Show HN: Cleven – a Common Lisp experimental volume graphics game engine - afainer
https://github.com/afainer/cleven
======
laarc
Cool! I'm trying to do something similar. I really think the time is ripe for
a lisp-based game engine.

I'll have more time to look into your work later, but I wanted to say (a) very
cool! Keep it up! (b) check out Lumen
([https://github.com/sctb/lumen](https://github.com/sctb/lumen)). It compiles
into Lua, and can be powered by LuaJIT. The benchmark performance is off the
charts, on par with LuaJIT itself, because it compiles to code that mimics the
way you'd write in Lua without any of the hassle.
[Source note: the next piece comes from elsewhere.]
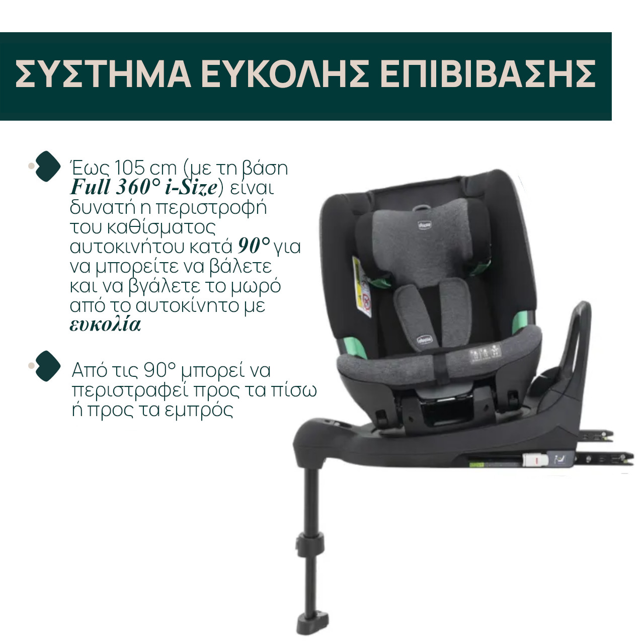 Chicco Καθισματάκι Αυτοκινήτου Bi-Seat i-Size Air Χωρίς Βάση για Παιδί 61-150 cm Black – Το Bi-Seat i-Size είναι το πρώτο μετατρέψιμο κάθισμα αυτοκινήτου από 4 μηνών έως 12 ετών σε συνδυασμό με τη βάση Full 360 i-Size. Ιδανικό μετά τη χρήση του καθίσματος αυτοκινήτου Kory με την ίδια βάση. Έως 105 cm πρέπει να εγκατασταθεί χρησιμοποιώντας τη βάση Full 360 i-Size που πωλείται ξεχωριστά. – Διπλή εγκατάσταση: με τη βάση “Full 360 i-Size Base” με χρήση του Isofix, του Ποδιού Στήριξης και το σύστημα ζωνών 5 σημείων έως 105 cm/ περίπου 4 ετών. Με τη ζώνη του οχήματος από 100 cm (αφαιρώντας τη βάση). – Σύστημα εύκολης επιβίβασης για εύκολη τοποθέτηση μωρού χάρη στην περιστροφή του καθίσματος προς τους γονείς με φορά προς τα πίσω ή προς τα εμπρός. – Μπορεί να χρησιμοποιηθεί με φορά προς τα πίσω έως 105 cm / περίπου 4 ετών. Μπορεί επίσης να χρησιμοποιηθεί με φορά προς τα εμπρός από 15 μηνών. – Σύστημα εύκολης ανάκλισης σε 5 διαφορετικές θέσεις με φορά προς τα πίσω και προς τα εμπρός για ξεκούραστες μετακινήσεις. Προειδοποιήσεις και οδηγίες Διαβάστε προσεκτικά τις ετικέτες και τις προειδοποιήσεις στη συσκευασία του προϊόντος πριν από τη χρήση.

My current plan is to add support for running Lumen via luvit, which provides
many libraries for LuaJIT, some of them useful for gamedev. If you're
interested in some kind of a collaboration, shoot me an email or something.
But regardless, best wishes and good luck!
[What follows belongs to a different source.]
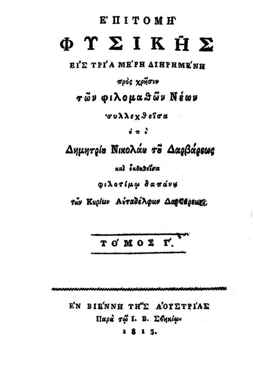 ΑΣΤΡΟΝΟΜΙΚΗ ΓΝΩΣΗ ΣΕ ΕΛΛΗΝΙΚΑ ΠΑΛΑΙΤΥΠΑ ΒΙΒΛΙΑMich απάντησε στην συζήτηση του/της Mich σε Αστρονομικές Εκδόσεις 35. Δάρβαρης Δημήτριος, «Επιτομή Φυσικής εις τρία μέρη διηρημένη προς χρήσιν των φιλομαθών νέων», Τόμος Γ΄, ουσιαστικά πρόκειται για έναν τόμο που κάνει μια εισαγωγή στη Γενική Αστρονομία, εκδόθηκε στη Βιέννη το 1813. Σχέδια Σελίδα 2 Σελίδα 1 Το εξώφυλο

By the way, thanks for making this available under a permissive license. It's
not always an easy decision, but the gamedev industry in particular will be
improved by choices like this.

------
laarc
Here's how to get started with Cleven on OS X:

    
    
      brew install rlwrap
      brew install sdl2
      brew install sbcl
      wget https://beta.quicklisp.org/quicklisp.lisp
      shasum -a 256 quicklisp.lisp  # c.f. https://www.quicklisp.org/beta/
      sbcl
    

Within SBCL, run the following:

    
    
      (load "quicklisp.lisp")
      (quicklisp-quickstart:install)
      (ql:add-to-init-file)
    

Press enter. Exit SBCL by running:

    
    
      (exit)
    

Then run

    
    
      cd ~/quicklisp/local-projects/
      git clone https://github.com/afainer/cleven.git
      cd cleven
      rlwrap sbcl
    

Inside SBCL, run:

    
    
      (ql:quickload "sdl2")
      (ql:quickload "cleven")
      (load "sandbox.lisp")
      (in-package #:sandbox)
      (run-sandbox)
    

It pops up a window! But I ran into an error at this point:

    
    
      debugger invoked on a SIMPLE-ERROR in thread
      #<THREAD "Render thread" RUNNING {1006D70EF3}>:
        Shader compilation failed.  The info log is:
      ERROR: 0:24: '' :  version '330' is not supported
    

I tried switching computers, but I got the same error. I'm running an AMD
Radeon R9 M370X on Yosemite.

Unfortunately I'll have to stop here, since I'm a bit pressed for time. This
project is way cool, so I'll look into it more later. If you have any ideas
how to debug it further, please let me know here or by email.

Those steps might work for other people on OS X, though. There's probably some
kind of driver issue on my end. (Ah, the life of gamedev...)

Edit: Created issue
[https://github.com/afainer/cleven/issues/1](https://github.com/afainer/cleven/issues/1)

------
afainer
Thank you, guys! I really appreciate your feedback.

------
Dekkeret
also we have a bug in description:) You need to load "cl-fad" lib just type
in: (ql:quickload "cl-fad")